In between Rosh Hashannah and Yom Kippur, I wash the piles and piles of laundry that built up over the three-day holiday (more or less everything we own). I remove stains and hand-wash tiny children's formal wear. I hem. I re-hem. I tack up hems. I re-style my wig. I iron. Now there's a rarity. I force the five-year-old through a semblance of reading and math. Also, I plant. I lay down newspaper, then soil, and plant it with onions and garlic. I cover the new seeds with plastic. When they sprout, I mulch. I plant all the spinach.

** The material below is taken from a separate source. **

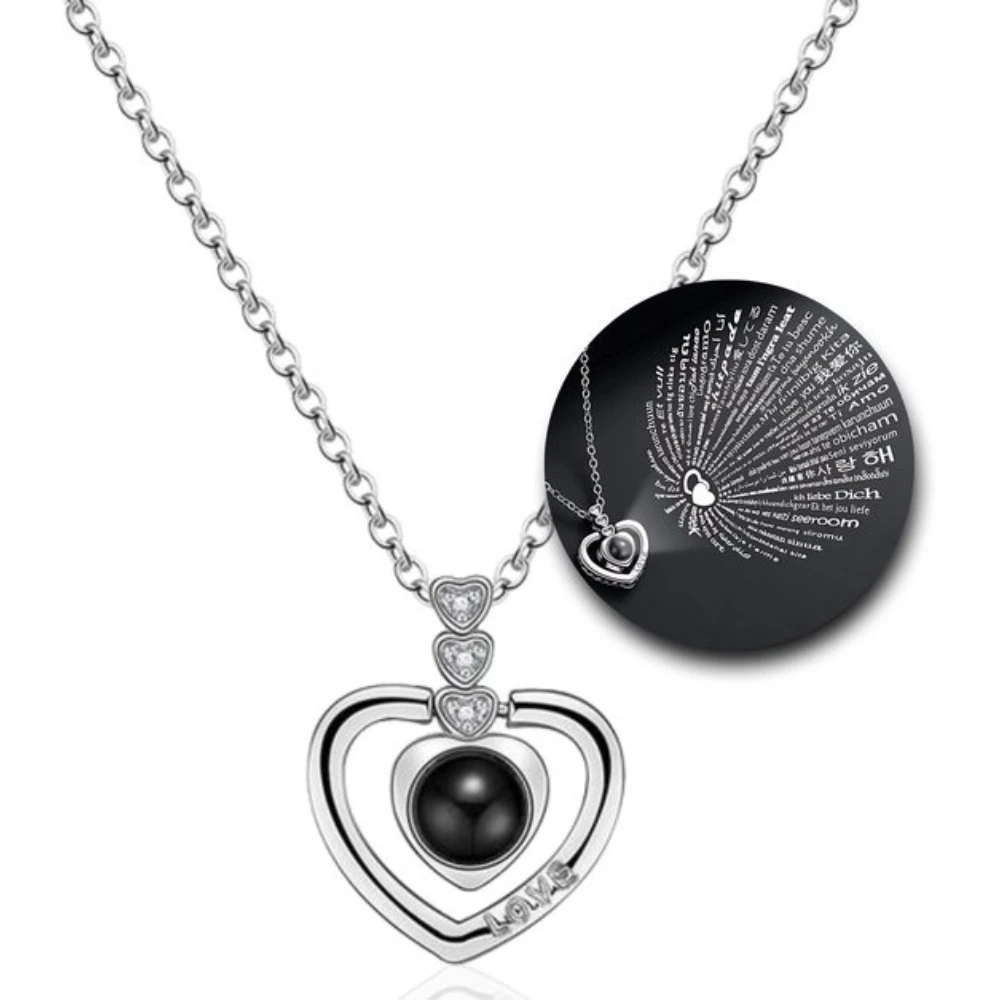 El Collar de Acero Corazón Proyectable “Te Amo” en 100 Idiomas es una pieza especial que destaca por su diseño elegante y su detalle oculto en la piedra central. Al iluminarla con la linterna del teléfono o mirarla de cerca, se proyecta la frase “Te Amo” en 100 idiomas diferentes, creando un mensaje emotivo y sorprendente.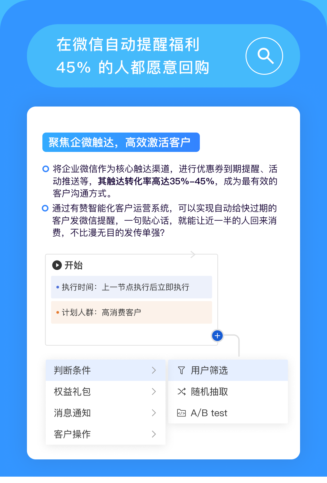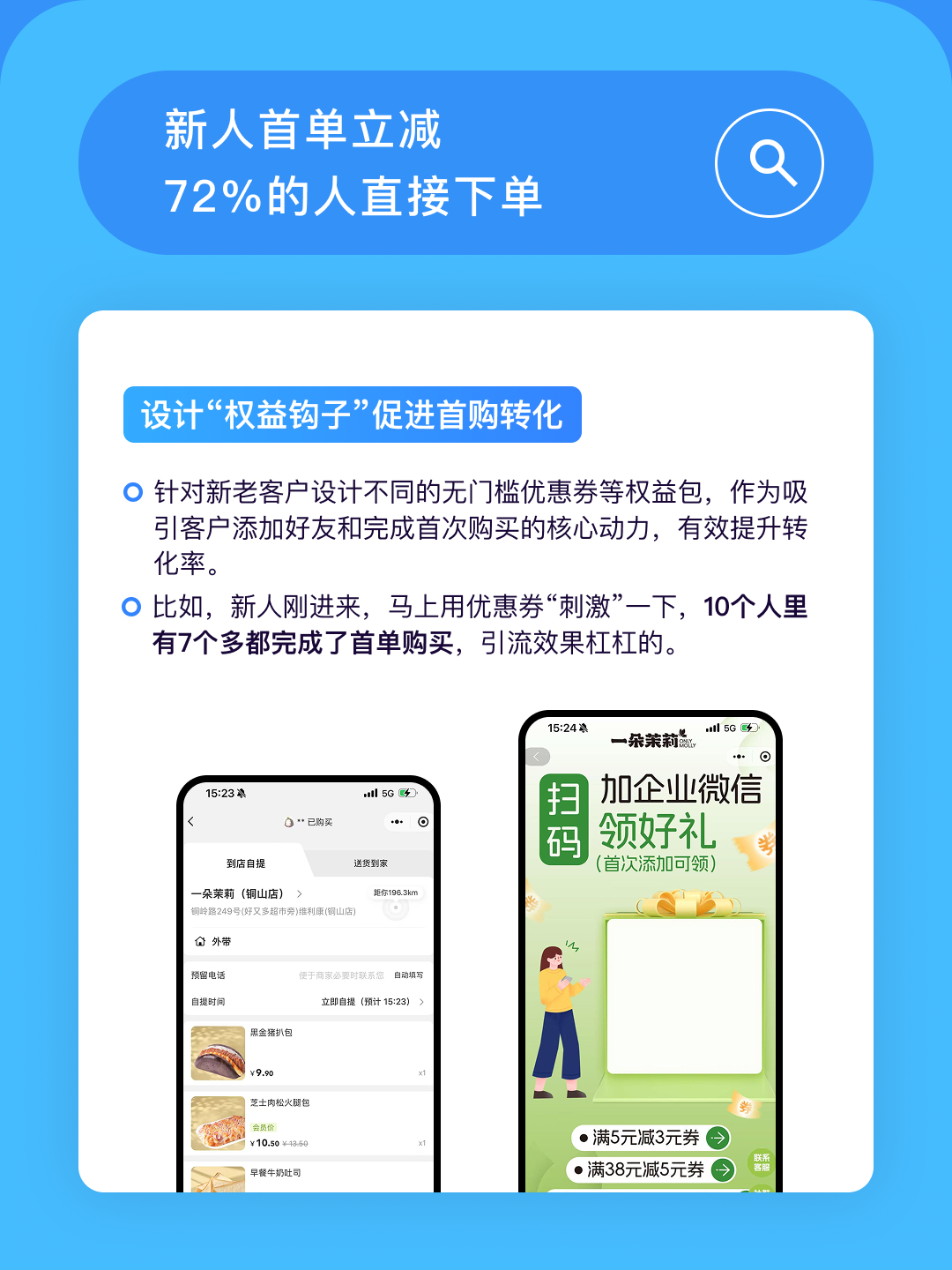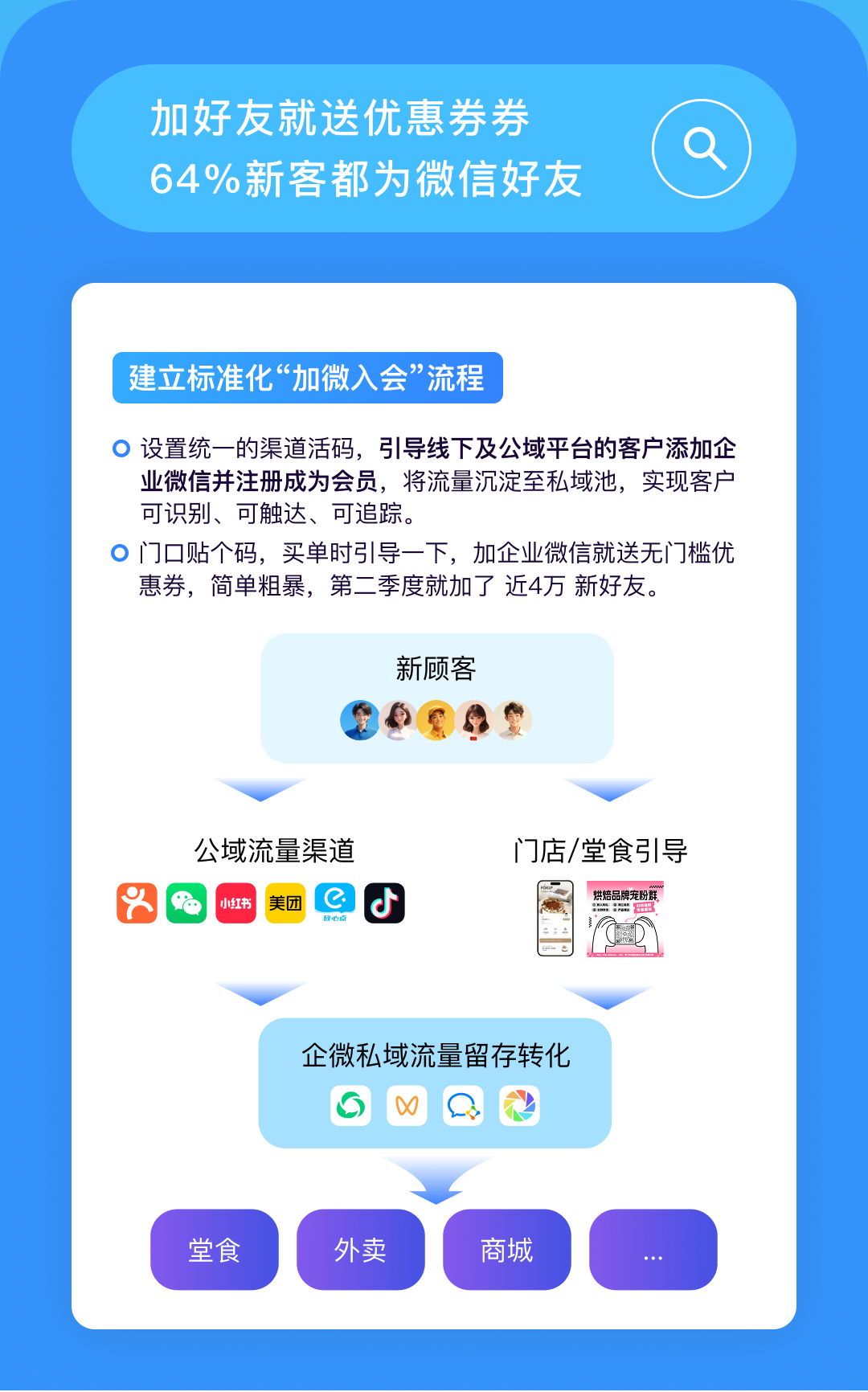 随后启动流量沉淀计划。在所有门店设置标准化引流流程,顾客扫描二维码即可添加企业微信并自动获得无门槛优惠券。该策略执行后,单季度新增企业微信客户近4万人,新会员添加率达到64%,首购转化率攀升至72%。

Also, our toilet decided to turn its slow leak into a somewhat less slow, really too fast for comfort leak. As a result we're having bathroom disruption. Don't worry! There's another bathroom in the basement! Of course, I had closed it up (because I don't want to clean two toilets) and the kids are afraid to go down there alone. We're using the opportunity to paint over the ugly green paneling with a charming shade known as "what we already had extra of." So add "sporadic use of a bathroom" to the balls that must be kept in the air.

At the pre-Yom Kippur meal, there were signs all was not going according to plan. I botched both the rice (undercooked) and the bread (over-risen). The rice was crunchy. The children didn't notice, because they were busy fighting over ownership of a glow-in-the-dark sticker.

Then we fast for 25 hours from food and water.

The day after Yom Kippur, I have a tiny mini breakdown. It involves crying a lot, and not having any desire to better myself, or to sit outside in the rain in a plastic hut.

Also, my husband's relatives are coming.

Also, we're taking his father's dog for the duration.

It's been pouring rain every night for three straight nights.